I have the following code:
public function get_session($data){
$this->ch = curl_init("http://example.com/login");
curl_setopt($this->ch, CURLOPT_COOKIEJAR, "cookie.txt");
curl_setopt($this->ch, CURLOPT_RETURNTRANSFER, 1);
curl_setopt($this->ch, CURLOPT_HEADER, 0);
curl_setopt($this->ch, CURLOPT_POSTFIELDS,$data);
curl_setopt($this->ch, CURLOPT_POST, 1);
curl_setopt($this->ch, CURLOPT_FOLLOWLOCATION, true);
curl_setopt($this->ch, CURLOPT_USERAGENT, "Mozilla/5.0 (Windows NT 6.1; WOW64; rv:32.0) Gecko/20100101 Firefox/32.0");
$result = curl_exec($this->ch);
curl_close($this->ch);
$this->ch = curl_init("http://example.com/profile/0354258911/");
curl_setopt($this->ch, CURLOPT_COOKIEFILE, "cookie.txt");
curl_setopt($this->ch, CURLOPT_RETURNTRANSFER, 1);
curl_setopt($this->ch, CURLOPT_FOLLOWLOCATION, true);
curl_setopt($this->ch, CURLOPT_HEADER, 0);
curl_setopt($this->ch, CURLOPT_USERAGENT, "Mozilla/5.0 (Windows NT 6.1; WOW64; rv:32.0) Gecko/20100101 Firefox/32.0");
$result = curl_exec($this->ch);
echo $result;
curl_close($this->ch);
}
The problem is that the second request that is sent, is sent without the correct session.
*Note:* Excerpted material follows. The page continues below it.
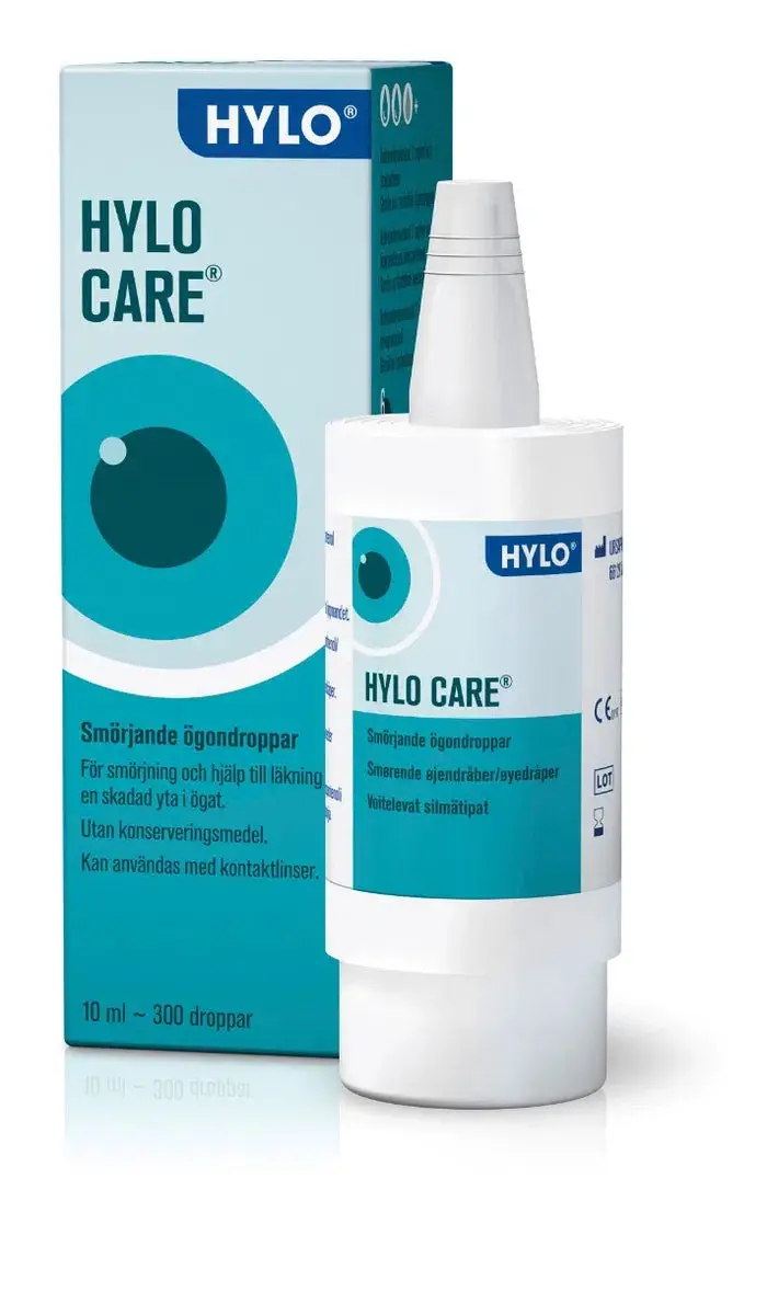 Hylo-Care fuktar och hjälper läkning av skador på ögats yta, till följd av torra ögon eller efter kirurgiska ingrepp.

I tried to replicate the login request with a web proxy tool.. there is no anti CSRF defense that I missed. All I want my code to do is to send a request, get the cookie when arriving at the login page. Then send my credential with the cookie.. and receive a response after being authenticated.